The book titled Persona Non Grata: Breaking the Bond – New Zealand and Fiji 2004-2007, will be launched on June 27 at the Victoria University in New Zealand.
According to the website www.cid.org.nz, the Speaker at the event would be Rt. Hon. Winston Peters. Green, who died last year of cancer, writes of the secret advice he was giving Wellington during the 2006 democracy ending military coup. His tough worded criticism of Bainimarama’s “volatile personality” is likely to anger Suva again.
Fiji is “characterised by intimidation and thuggery, arbitrary and vindictive dismissals, abandonment of principles and personal betrayals, official misinformation and media censorship, and the deliberate perversion of state institutions.” Green, watching the conspiring leading to Fiji’s fourth coup, lived next door to Bainimarama. As the crisis deepened, they quietly had New Zealand Police posted to Suva to prepare for “the possibility that an evacuation of citizens.” When police put a radio aerial on the roof of the residence, Bainimarama complained they were spying on him.

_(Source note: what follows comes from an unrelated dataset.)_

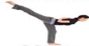
Eka Pada Hamsta Parivrtasana

This standing balance pose strengthens the ankles and thighs. It improves balance and cleanses the organs.

By November 2006 Green heard from credible sources that the Fiji Police were planning to arrest Bainimarama for sedition and disobeying lawful orders. Bainimarama instead made a series of demands and threatened a coup.He went to New Zealand on a private visit for the first communion of a grand child but “got it into his head” that New Zealand would arrest him. “He phoned (Defence Attache) Al MacKinnon to him that that, if he should be arrested, his ‘boys’ would be sent over the fence into the Residence to ‘get me’.”The threats were taken seriously and mission families were sent home. Then Foreign Minister Winston Peters told Bainimarama would not be arrested in Wellington. Green said the commander was never interested in negotiations, and pocketed every concession with no reciprocity.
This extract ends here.